Richard P. DeTar, Denver
If illegal aliens are “needed” because of a maid-gardener-nanny crisis, then the elites should eat lobster out of cans or learn to cook; mow their own lawns or pave over; and raise their own children or stop irresponsibly having them.
Paul Karmi, Carbondale
You can keep making fun of Tom Tancredo all you want, but if he ran for president right now, he’d be elected – because we the people are tired of foreigners invading, occupying and destroying America.
Mary Jane Eaklor, Penrose
I know that there is some reason for displaying photos in public of Saddam Hussein in his underwear, but, at the risk of sounding stupid, what is that reason?
Mark Kness, Boulder
With all of the publicity and Muslim outrage of the picture of Saddam Hussein in his skivvies, I would ask the Muslim community and the rest of the world: Is this any more embarrassing than pictures of Muslim terrorists beheading innocent citizens who are trying to help their community?
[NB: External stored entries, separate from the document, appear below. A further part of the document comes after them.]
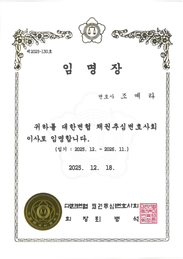 법무법인 우경의 조예라 변호사는 대한변호사협회 채권추심변호사회 이사로 임명되었습니다.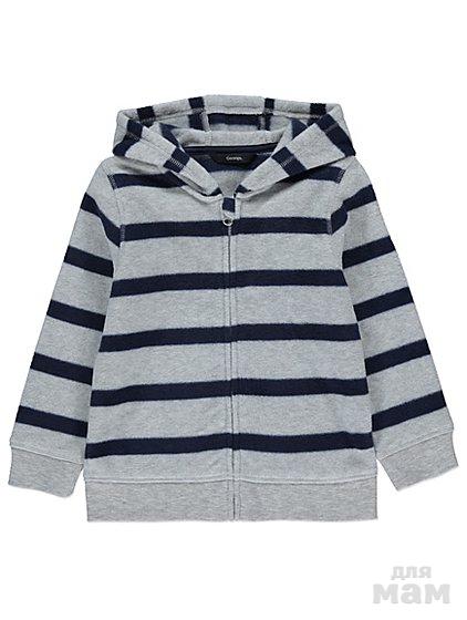 Толстовка флисовая с капюшоном фирмы George. Серые-темно-синие полоски, на молнии, флис средней толщины, ближе к плотному. Состав 100% полиэстер.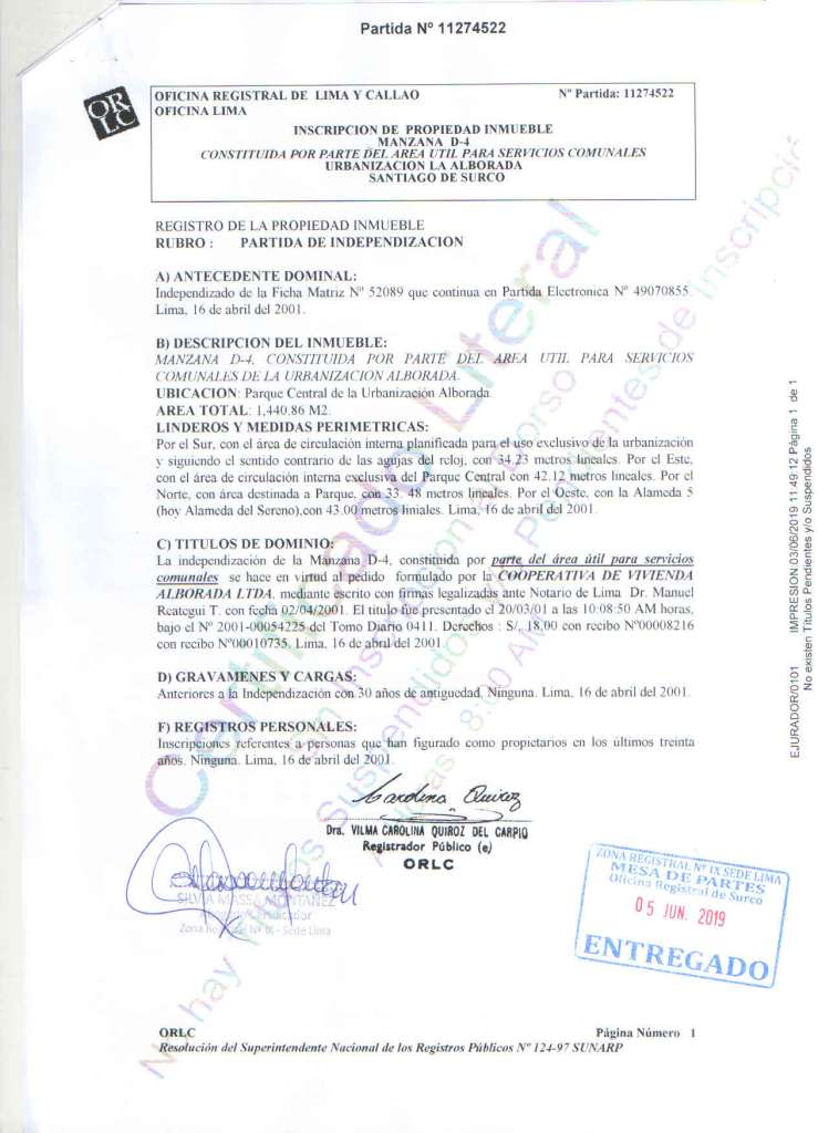 - La manzana esta integrada temporalmente al parque La Alameda, toda el área del terreno esta sembrada, con arboles y su uso publico es como área de parque bajo la administración y el cuidado de la municipalidad de Santiago de SURCO.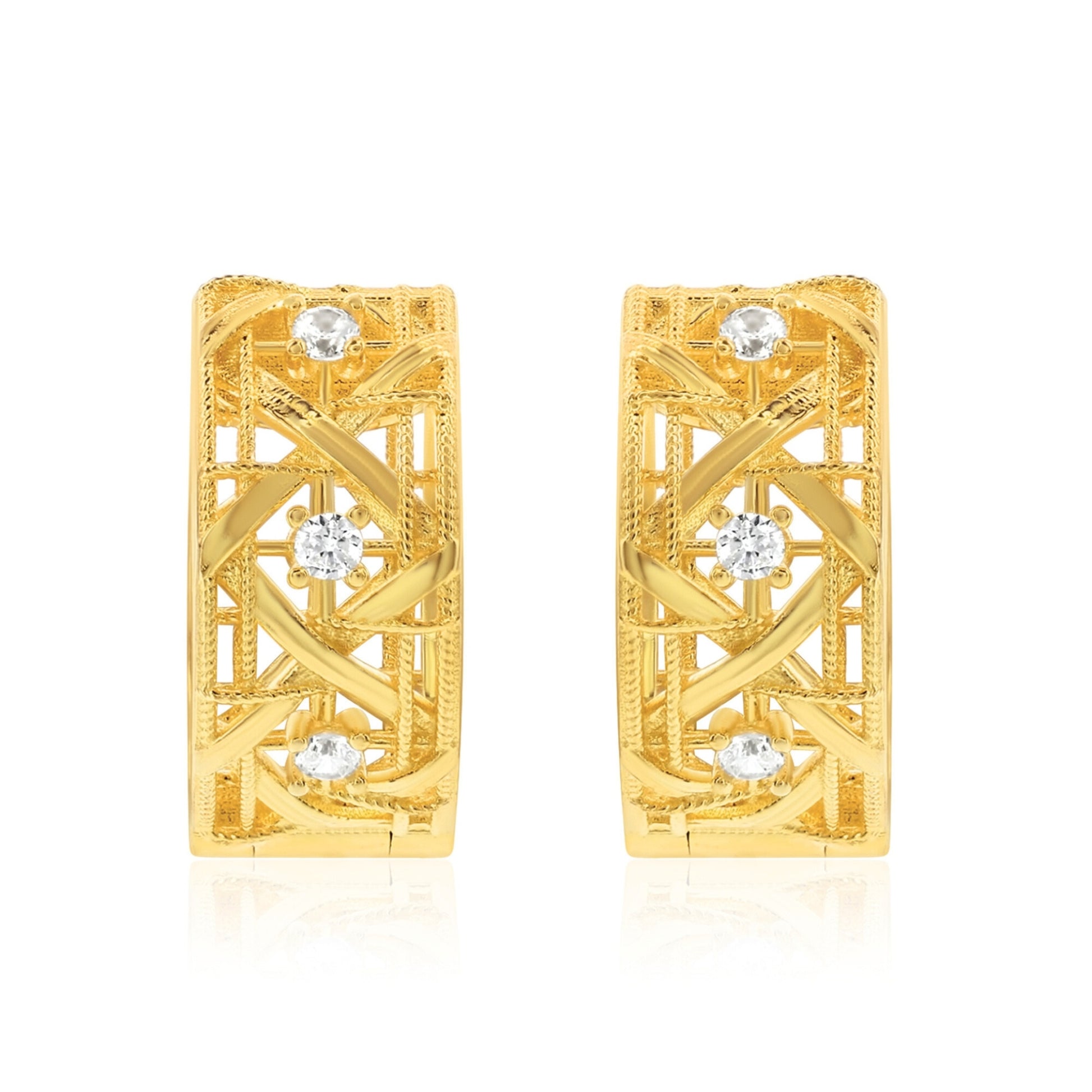Stunning cutout huggie hoops for women of all ages. These earrings features six round cut white cubic zirconia prong set, in a unique cutout yellow sterling silver setting, to give off shine from every angle. These huggie hoops will add sparkle and sophistication to your ensemble and is perfect for any occasion! These hoops contain a lever back closure keeping them secure and comfortable. The inside is finished with a open gallery and SL logo and secret stone representing the hidden inner beauty within us all!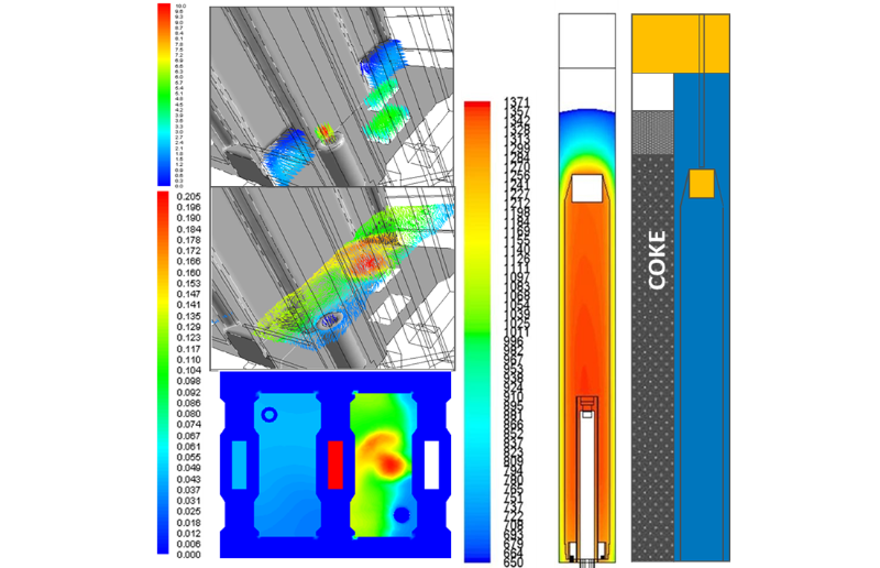 采用FAN火焰分析模型,模擬焦?fàn)t燃燒室燃燒狀況,優(yōu)化焦?fàn)t爐體及加熱系統(tǒng)設(shè)計,保證爐體高向加熱均勻性,降低煉焦耗熱量,減少氮氧化物和上升管根部石墨的產(chǎn)生。

Keith Wanklyn, Highlands Ranch
The only way I am going to believe a politician has a fix for Social Security is when the president, senators and congressmen give up their sweetheart retirement deals and live by the same laws they pass. Until then, it’s all special interest talking. Tax and spend or give to the rich.
Don Marshall, Aurora
It is laughable and at the same time tragic that while first lady Laura Bush is pushing for “women’s rights” in the Middle East, her husband is systematically destroying the rights of the women in this country.